Michigan's David Baas admits it took him a few starts to get comfortable with his new position. It's understandable. Baas, a fifth-year senior captain and longtime left guard, had never played center until asked to do so by coach Lloyd Carr a month ago.
ANN ARBOR - Michigan's David Baas admits it took him a few starts to get comfortable with his new position.
Baas, a fifth-year senior captain and longtime left guard, had never played center until asked to do so by coach Lloyd Carr a month ago.
Michigan was struggling to run the ball heading into its Big Ten opener and Carr figured moving Baas would give his team the best chance to be a dominant running team again.
It turns out Carr was right.
"David Baas has made all the difference in the world since he moved to center," freshman tailback Mike Hart said yesterday. "He has been opening up some huge holes for us to run through the last few weeks."
Baas (6-5, 323 pounds) wasn't thrilled with the idea of playing center when Carr first approached him - he had made 30 consecutive starts at left guard, was a two-time All-Big Ten first-team selection and a second-team All-American last season - but he knew it was best move for the team.

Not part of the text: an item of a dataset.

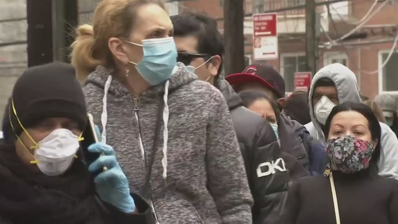Covid-19: Decenas de hispanos hacen filas en Queens para reclamar alimentos gratuitos

"I did what I had to do," Baas said. "I had a chance to be a three-time All-Big Ten pick and an All-American at guard, but I
couldn't worry about that. I had to make a move, a minor one at that, to help my team win, and that's what I did."
Baas will make his fifth consecutive start at center on Saturday when No. 13 Michigan plays at No. 12 Purdue. The defending Big Ten champion Wolverines are 4-0 and tied for first place with Wisconsin.
Once again, Baas will play a key role in the outcome.
"David Baas is an incredible offensive lineman," tight end Tyler Ecker said. "He could play anywhere - guard, center or tackle - and be great. He's the powerhouse of our offensive line."
Hart entered the starting lineup a week after Baas moved to center, and he has put together games of 79 yards rushing against Indiana, 160 yards against Minnesota and 234 yards against Illinois.
And he has accounted for 473 of Michigan's 577 yards during that three-game stretch on 95 carries.
"I don't think there's any question that David Baas moving to center has really helped our line," Carr said.
The Wolverines have used four different line combinations in the first seven games, and only left tackle Adam Stenavich and right guard Matt Lentz have started all of them at the same position.
Baas, a preseason All-American as well as a candidate for the Outland Trophy and Lombardi Award, started the first three games at left guard before replacing Mark Bihl at center.
"I'm starting to enjoy playing center," said Baas, who is looking to become the 11th player in school history to earn All-Big Ten honors at least three times in his career. "The move really hasn't been that difficult. The same aspect of punishing people and being physical, that's still there.
"There's just a few things that are different from playing guard, like making the offensive line calls and making sure the ball is not on the ground when I snap it."
Hart, a freshman, is the second-leading rusher in Big Ten play behind Wisconsin's Anthony Davis, averaging 143.0 yards in four games. Hart ranks 20th nationally in rushing with 104.29 yards per game.
He and another freshman, Max Martin (12-67), combined for 301 yards rushing and one touchdown each on Saturday as Michigan rallied from a 17-10 halftime deficit to beat Illinois 30-19. Hart had 23 of his career-high 40 carries in the second half.
"Mike Hart is an incredible runner, especially for a freshman," Baas said. "The way he bounces off tackles and keeps running is amazing."
Baas isn't too shabby, either.
Nose tackle Gabe Watson goes head-to-head against him every day in practice, and usually ends up with a headache.
"David Baas is the best player I've ever faced," Watson said. "He's a special player. He plays hard every play, even if it's in practice. And if you not ready or not paying attention, he'll knock your head off."
Baas' tough-guy image has taken a bit of a hit off the field because of his reputation as a singer.
He sang Tim McGraw's "Please Remember Me" at his sister's wedding and the national anthem during a Rose Bowl practice last season and again at Michigan's spring game. In his spare time, Baas dabbles with a wide range of tastes, from Josh Groban's songs to R&B hits.
"It's just fun stuff," he said. "It's not going to be my career."
Baas' career path likely will take him to the NFL.
"As far as his future goes, David Baas has already proven to anybody who would be interested in him that he's a great guard," Carr said. "Now he has a chance to prove that he can be a great center, and that only helps him.
"I think it's safe to say he's had a great career here."